───── Provided records ─────

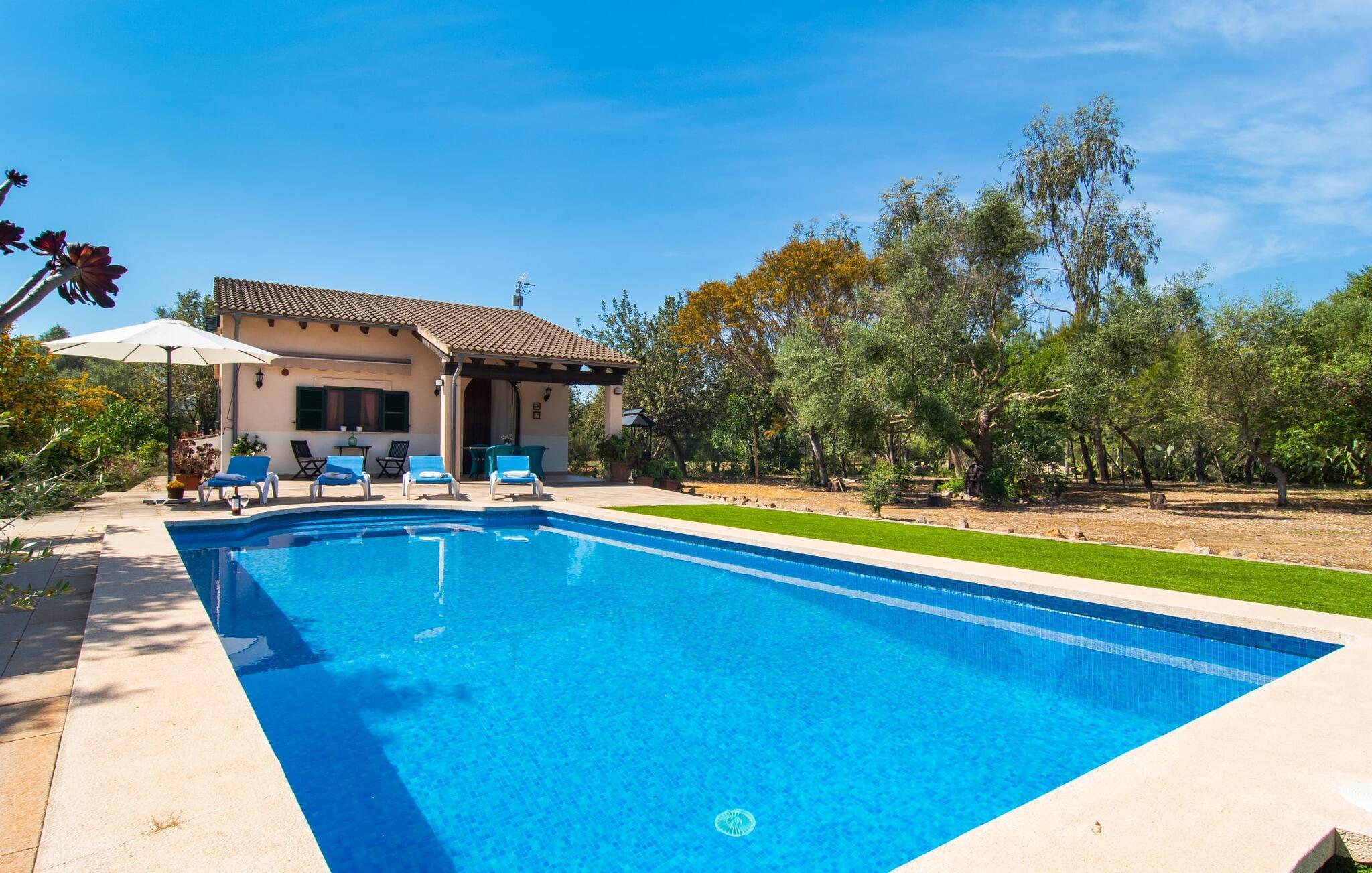 Nur wenige Meter entfernt befindet sich das 8 Meter lange Becken, das bequem über eine römische Treppe erreichbar ist. Umgeben ist es von einer Sonnenterrasse, auf der bequeme Liegestühle zum Entspannen unter Mallorcas Himmel einladen. Üppige mediterrane Vegetation umrahmt das Areal dekorativ und unterstreicht die private Atmosphäre dieses Domizils. Der mobile Grill lädt abends dazu ein, die gesellige Runde bei einem zünftigen Barbecue zu zelebrieren.
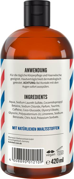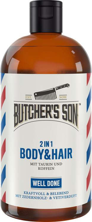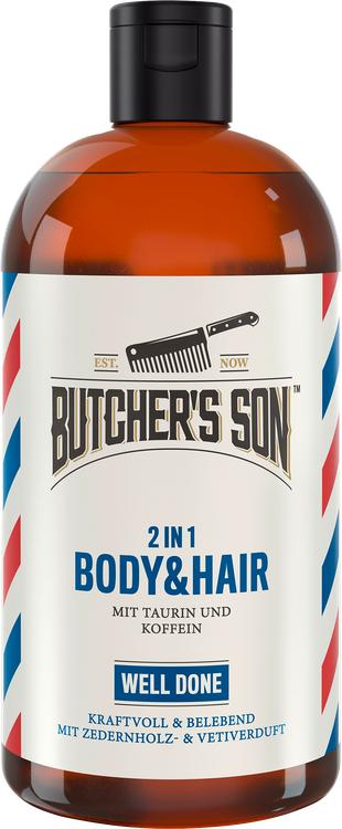 The Butcher's Son 2in1 Body & Hair Shower 'Well Done' kombinerer pleje og duft i ét unikt produkt. Denne alsidige bruser er ideel til den moderne gentleman og giver ikke kun en forfriskende rensning af krop og hår, men er også opkvikkende og revitaliserende. Den innovative formel indeholder taurin og koffein, som arbejder sammen om at stimulere hovedbunden og få håret til at skinne. Med en langvarig, kraftig duft, der kombinerer de varme noter af cedertræ, oud og vetiver, forvandler dette brusebad dit daglige plejeritual til en luksuriøs oplevelse. Nyd den kølende effekt og de forbedrede redningsmuligheder for skinnende hår, der ser frisk og levende ud.
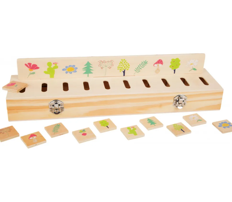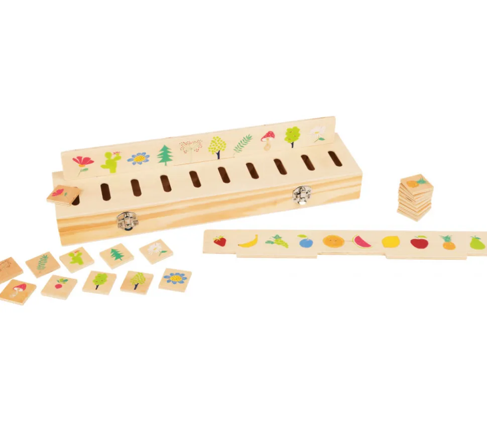 Jeu mémo en bois pour apprendre à reconnaitre les éléments de la nature : animaux, les fruits, les légumes, les arbres…
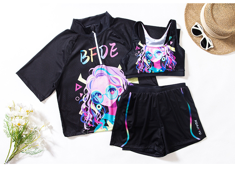 수영복 여성 2024 새로운 하이 엔드 센스 스플릿 인 스타일 벨리 커버 슬림 수영복 3 피스 세트 보수적 수영복스토어 가기
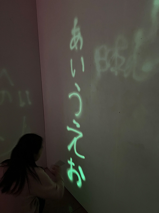 ペン型のスティックで壁に自由に文字などが書け、10秒ほどで徐々に消えていく
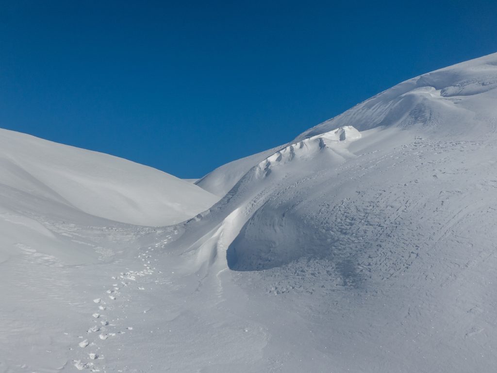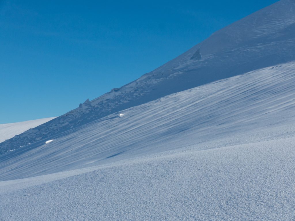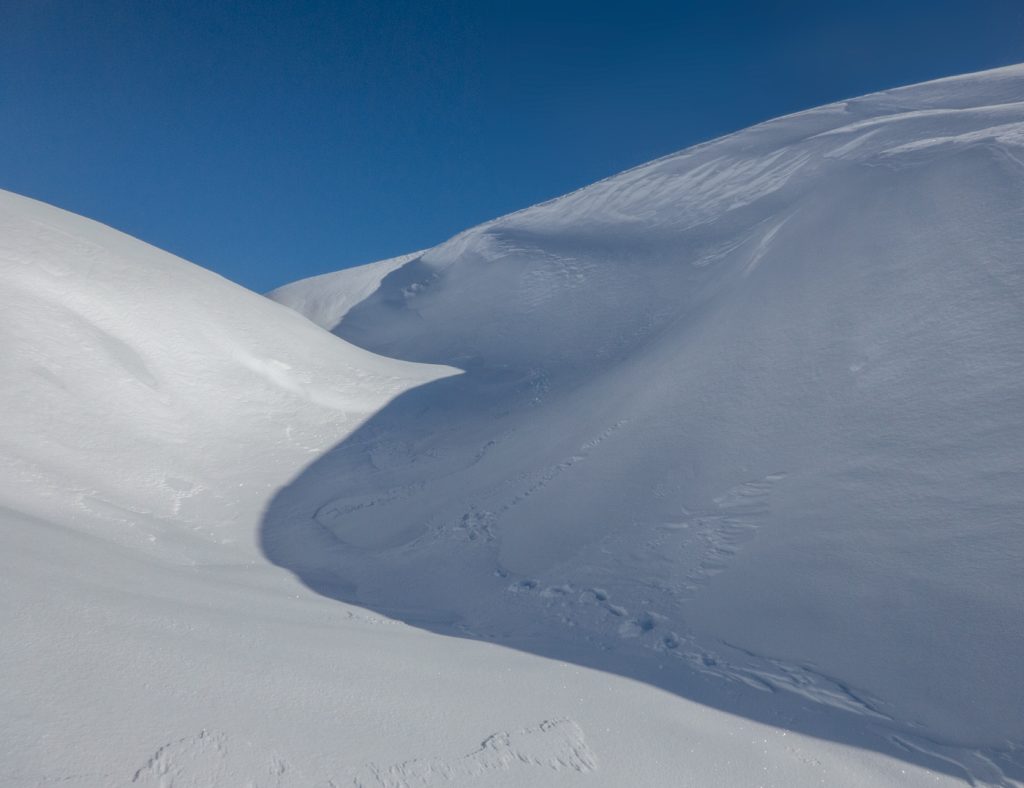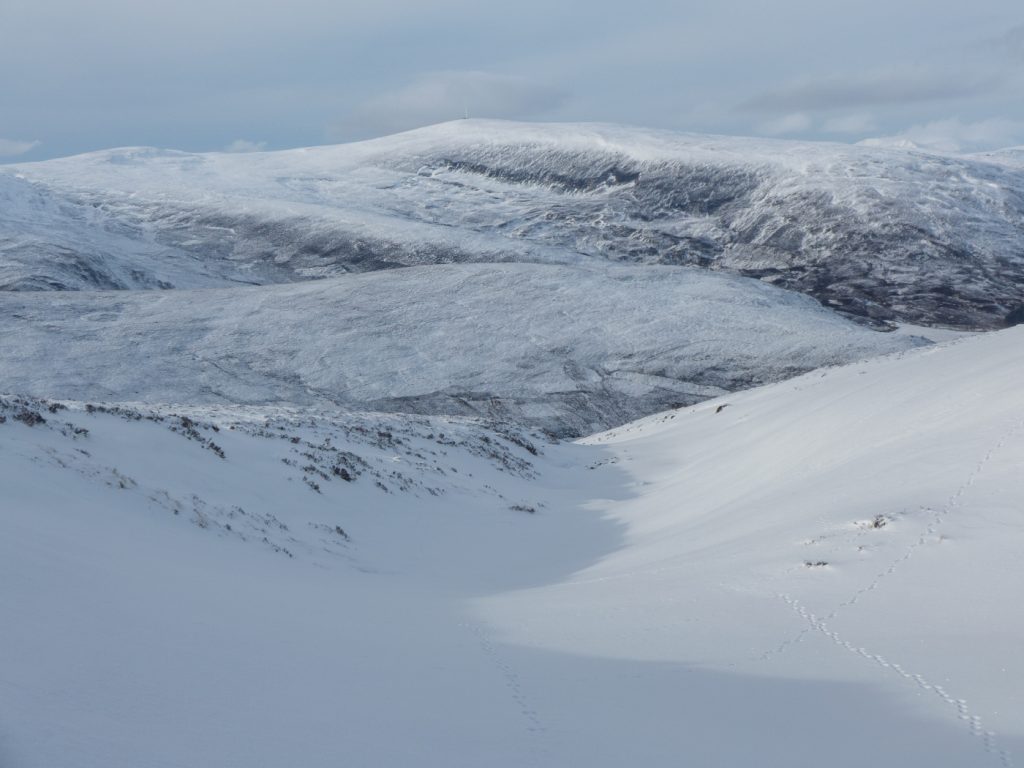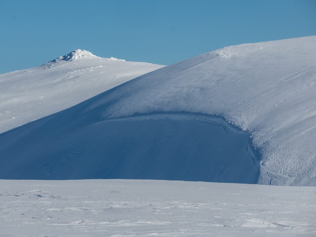The gap between Sagairt Mor and Beag was a potential location to dig a snowhole and had deep snow, but the loaded convex slope unnerved me and with the obvious evidence of avalanche hazard nearby, I didn’t descend to investigate.

─────

• _What the task asks_: Your answer must be exactly the lines from the one with "Jeu mémo en" through the last line of the entries, both included, with no pictures; please add nothing else.

• _Response to the exercise_:
 Jeu mémo en bois pour apprendre à reconnaitre les éléments de la nature : animaux, les fruits, les légumes, les arbres…
 수영복 여성 2024 새로운 하이 엔드 센스 스플릿 인 스타일 벨리 커버 슬림 수영복 3 피스 세트 보수적 수영복스토어 가기
 ペン型のスティックで壁に自由に文字などが書け、10秒ほどで徐々に消えていく
The gap between Sagairt Mor and Beag was a potential location to dig a snowhole and had deep snow, but the loaded convex slope unnerved me and with the obvious evidence of avalanche hazard nearby, I didn’t descend to investigate.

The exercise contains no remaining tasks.